「帝都捕物帳」 (Teito Torimono-chou)
“Imperial Capital Detective Stories”
Still searching. Still aimless. Still a bit of a mess.
A lot of elements felt abrupt in this episode. The mission that Haku, Atui, and Ukon were on, for one, but that’s a good kind of abrupt—instead of wasting time with lead-up, they just tossed us straight into the action. But what the hell is with Atui’s floating pet thing? We also weren’t ever made aware that she was apparently a badass in combat even though she’s an ojou-sama, though I suppose the OP revealed that well enough. The entire introduction of Dekoponpo (Ookawa Tooru) as an antagonist was abrupt as well, though viewers of the original series shouldn’t be surprised, since he shares a seiyuu with Inkara. Nosuri and Ougi also suddenly returned, though no one should be surprised that happened. More upsetting was how the episode ended without finding out whether Ukon got Dekoponpo on corruption charges. Er, what the hell?
“What would you say … you DO here?”
This was a strange episode, inhibiting some nether realm between filler and plot. I can’t quite call it filler because it seemed design to delve into Ukon’s past and motivations, and because it’s tying more of the principle character in Yamato into the plot. Yet the whole plot—get Dekoponpo on corruption charges—felt token and unimportant. It’s probably a good rule of thumb that, outside of legal thrillers and cop shows, if the plot of your episode has to do with corruption charges, there better at least be hookers and blow for miles to make up for such a boring-ass plot. We got giant bugs and half-naked men. Suddenly, I’m watching Mushibugyou. That’s not bad if I’m planning to watch Mushibugyou—Enzocchi told me the anime ended up being quite good—but it’s confusing to get it when I was looking for Utawarerumono.
Cryptic Episode Epilogue
The real interesting tidbits came in the post-ED episode epilogue, where this season’s twins led Haku to a mysterious old man. My initial guess was that he’s the emperor, though his ‘stache doesn’t quite match the ‘stache a few episodes back, so maybe not. He’s got a ritzy place and some talented helpers, that’s for sure. I just wish Itsuwari no Kamen wouldn’t keep dribbling out these tantalizing hints like a stingy man dolling out nickels for soda pop. No one gets excited about a single soda. We want to hit up the fountain, daddy-o, don’t be so square.
That paragraph got weird at the end.
Original Utawarerumono Marathon Update (through episode thirteen): No change. I switched up my morning routine, and it killed my morning anime. I’m falling behind on everything again ;_;
tl;dr: @StiltsOutLoud – Almost filler, but not quite. Only the last few minutes contained a tantalizing glimpse at … something #utawrerumono s2e8
- I appreciated some of the small details in this episode, like how Atui and Haku weren’t bothered by the fighting insects. It’s a modern sensibility to look down upon cockfighting and dog baiting and the like—people from a society like theirs probably shouldn’t have a moral objection to pitting animals against one another for their gambling pleasure.

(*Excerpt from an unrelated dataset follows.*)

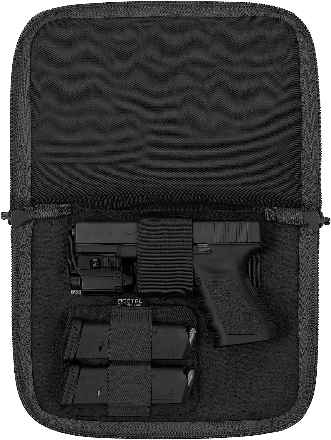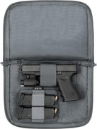 MOBILITY SOFT Pistol Case is engineered for optimal security, convenience, and comfort. Its soft, double-padded design accommodates full-sized and most 1911 handguns, while a full hook-and-loop panel, detachable CCW handgun holster and double pistol mag holder offer additional protection during transport. Reinforced stitching and a lockable zipper ensure secure storage, while a detachable reflective name tag allows for easy identification. With this case, you can rest assured that your firearms are both safe and easily accessible.

- Sounds like Ukon considers the Ukon persona to be the real him. Cool. I can continue calling him Ukon, then. My preexisting decision has been ratified.
- Of course she got covered in a sticky white liquid. Of course. (Gross.)
- The bromance is all right, but not enough Kuon. You can have your half-naked men, as long as I get my Kuon. *bangs table* Kuon!